You first post was caught in the spam filter but you should be good now. It was likely due to the attached vid.


.


----------



## Cool124 (Jan 19, 2021)

rumstove said:


> Hello all, new member in Wisconsin here. I tried starting a thread last night but the post never showed up, so not sure what happened...maybe it didn't like my link to my YouTube video. :smiley-confused013:
> 
> Anyways, I have a question about a Husqvarna 8024. It's my mom's snowblower. She said she was constantly breaking shear pins. I was finally able to take a look at the snowblower and noticed the skidplates were completely worn through so bad that the augers were hitting the ground. So I replaced the skidplates...good step one is done.
> 
> ...


I have a Poulin Pro 30 inch only year old ...Horrible design on auger system.

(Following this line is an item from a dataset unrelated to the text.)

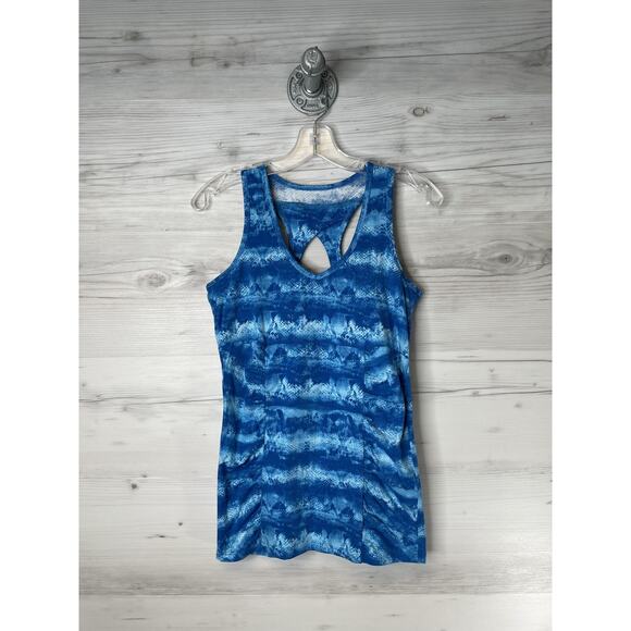 Marika Tank Top Shirt Womens Large Blue Racerback Built In Bra Athletic Workout

I have it apart right now ...It has the little stubs coming out of gearbox ..the auger pipe that goes over axle shaft is way to big seem lke there should be bushings in there . The end auger bearings are horrible lots of play even new ones up down back and forth.Hate these plastic bushing type bearings.. Augers sag in the middle which in turn put strains on impeller shaft bearing . Took mine apart bearing good ..What happens is so much weight the metal housing that holds bearing in rear of auger housing bend and flex cause impeller to move up and down as well .. First im gonna bush up the axle shaft ..and like you say I'm gonna stabilize that damn gearbox ..I will post images when i finish


----------



## Blueyez76 (Jan 6, 2022)

Just wondering if you happen to have made bracing for that and if it works if so could you send a picture of how you did it please cuz I'm having the same problem


rumstove said:


> Hello all, new member in Wisconsin here. I tried starting a thread last night but the post never showed up, so not sure what happened...maybe it didn't like my link to my YouTube video. :smiley-confused013:
> 
> Anyways, I have a question about a Husqvarna 8024. It's my mom's snowblower. She said she was constantly breaking shear pins. I was finally able to take a look at the snowblower and noticed the skidplates were completely worn through so bad that the augers were hitting the ground. So I replaced the skidplates...good step one is done.
> 
> ...


----------



## rumstove (Jan 27, 2020)

Blueyez76 said:


> Just wondering if you happen to have made bracing for that and if it works if so could you send a picture of how you did it please cuz I'm having the same problem


I forgot to update this thread. Doh! I suppose I should be updating it because it's my main snowblower now! My mom bought a brand new snowblower (the Ariens I mentioned) and gave this one to me for my house. 

After fiddling with it a bit off and on in the end I put it back together without a fix. It sat for a number of months until middle of December. On a whim I took it to a retired guy that I know that used to work in a shop but now likes to tinker with things on his own. He did a quick search for parts and determined that it would indeed be too pricey to buy parts and repair it. I suggested a brace to hold the auger up and he thought the same. Three days later he had it done and what he came up with blew my mind.

I'll see what I can remember off the top of my head while sitting here: He drilled a hole in the top of the auger housing. He created a spacer (made out of what looks to be urethane) so he could insert a long threaded bolt straight down into the auger all the way to the gearbox housing. The long bolt is then attached to a metal plate. The metal plate has a 90° bend so it can also be bolted onto the three bolts at the top of the gearbox housing. He used a threaded bolt so that I can make adjustments (tighten or loosen it) as needed. 

I have used it three times now in the last few weeks, two of those times have been clearing the miserable end-of- driveway/corner-of-sidewalk plow snow and the Husky been excellent with the auger fix. 

I am at my parents house right now but I will take photos of the brace he constructed when I get back to my house in a few days.


----------



## rumstove (Jan 27, 2020)

Blueyez76 said:


> Just wondering if you happen to have made bracing for that and if it works if so could you send a picture of how you did it please cuz I'm having the same problem


Finally got some photos of the brace. Again, I didn't come up with the design of the brace but it seems to be working well. The horizontal brace has been there for years and isn't related. When this was my parents machine they had problems with the auger housing being flimsy so the horizontal brace makes the housing a bit stiffer apparently.


----------